Von Georg-Friedrich Kühn | 03.07.2006
    War das als ironischer Kommentar gemeint vorweg? Windgott Aeolus als Karnevalsprinz kommt herein geweht mit dem ganzen Götterzirkus. Er soll endlich die Backen plustern, die Windmaschine auf Sturm stellen, damit die bösen Trojaner, vornweg Aeneas, nicht ungestraft entkommen, fordert die stierhörnige Juno.

    Einen glücklicheren Abgang nach seiner 15-jährigen Amtszeit hätte man dem Stuttgarter Intendanten Klaus Zehelein schon gewünscht. Die "Uraufführung" einer Oper von königlich schwedischer Protektion aus dem späten 18.Jahrhundert in der Regiepranke von Peter Konwitschny war angesagt.

    "Aeneas in Karthago" von Joseph Martin Kraus, einem Komponisten des Sturm und Drang, der beim theaterbegeisterten Schwedenkönig Gustav III sein Glück machte.

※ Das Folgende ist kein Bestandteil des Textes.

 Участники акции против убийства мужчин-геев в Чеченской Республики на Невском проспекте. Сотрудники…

Mit einem neuen, mit allen Raffinessen der Zeit ausgestatteten Opernhaus wollte Gustav sich in die Geschichte einschreiben. Ein großes Sujet musste her. Der König entwarf selbst das Libretto.

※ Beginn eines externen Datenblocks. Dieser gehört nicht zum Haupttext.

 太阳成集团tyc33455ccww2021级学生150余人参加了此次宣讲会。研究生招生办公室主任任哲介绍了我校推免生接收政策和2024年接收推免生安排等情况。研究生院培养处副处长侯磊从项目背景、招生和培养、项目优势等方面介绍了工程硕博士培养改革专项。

    Doch es ist vor allem weitschweifig, umständlich, selbstgefällig. Die vollständige Oper – sie hätte um die fünf Stunden gedauert – wurde nie aufgeführt, nur eine Bearbeitung sieben Jahre nach dem Tod des Königs und auch des Komponisten. "Aeneas in Karthago" ist eher eine politische Proklamation. Dido, der Karthagerkönigin, werden da des Schweden-Königs eigene Absichten über Friedenswillen aber auch Kampfbereitschaft in den Mund gelegt.

    Die Musik des aus dem Odenwald stammenden Komponisten Kraus wartet auf mit viel Gluckschem Tremolo-Pathos und wechselt unvermittelt in rokokohafte Lieblichkeit. Dabei sind die stimmlichen Ansprüche zumal an die Partie der Dido gewaltig.

    Die Aufführung in Stuttgart ist nun auch szenisch ein Torso. Regisseur Konwitschny musste krankheitshalber nach gut zwei Wochen die Probenarbeit abgeben. Was seine Assistenten und Intendant Zehelein als Supervisor aus dem Material machten, ist achtbar aber lückenhaft.

    Pfiffige Einfälle gibt es durchaus. Etwa die vielfältige Arbeit mit Puppen oder das Schifflein-Versenken im Prolog, wenn aus einem Trog Segel herauslugen und hinterher die ganze Mannschaft dem "Meer" entsteigt. Auch die Hochzeit der Lebensabschnitts-Partner Aeneas und Dido, wenn ihnen die jeweiligen Volksgruppen Geschenk-Krimskrams in solchen Mengen abliefern, dass die Helfer mit dem Entsorgen gar nicht nachkommen.

    Oder auch das Schlussbild, wenn die Bühne zum Jubeln sich füllt mit Asterix- und Obelix-Kriegern, die zum Sturm auf Rom rüsten. Allerdings erinnert gerade das Schlussbild der Bühn von Hans-Joachim Schlieker doch auch an eine sehr viel ambitioniertere Inszenierung des gleichen Stoffs – Berlioz’ "Trojaner" –, die Zehelein vor vielen Jahren in Frankfurt als Dramaturg mit verantwortete.

    Den Hautgout dieser königlichen Politshow, von Gustav später noch getoppt in einem Theaterstück zum Krieg gegen Russland, kann diese Aufführung nicht tilgen. Dafür hätte es einer sehr viel filigraneren Ausarbeitung des Regie-Konzepts bedurft.

    Neuigkeitswert hatte die Methode politischer Selbstdarstellung übrigens damals auch nicht. Gustav kopierte seinen Onkel, den Preußenkönig Friedrich II, der sein militärisches Credo um 1750 ebenfalls in ein Opernlibretto goss und es von Hofkapellmeister Graun vertonen ließ: "Montezuma".

    In Stuttgart sind auch die sängerischen Leistungen nicht gerade berauschend. Martina Serafin benötigt einige Zeit, um ihre Stimme für die ins Dramatische strebende Partie der Dido zu polieren. Dominik Wortig ist ein nicht gerade kampferpichter Aeneas. Am Pult kämpft Lothar Zagrosek immer wieder mit der Koordination von Bühne und Orchester.

    Am Ende gab’s auch kräftige Buhs. Man wohnte einem musikhistorisch interessanten Abend bei; der "schwedische Mozart" aber, als der Kraus angepriesen wurde, blieb nebulös. Eine sehr viel eindrucksvollere Bearbeitung des gleichen Stoffs zur gleichen Zeit hätte der u.a. in Mannheim ausgebildete Komponist schon dort studieren können.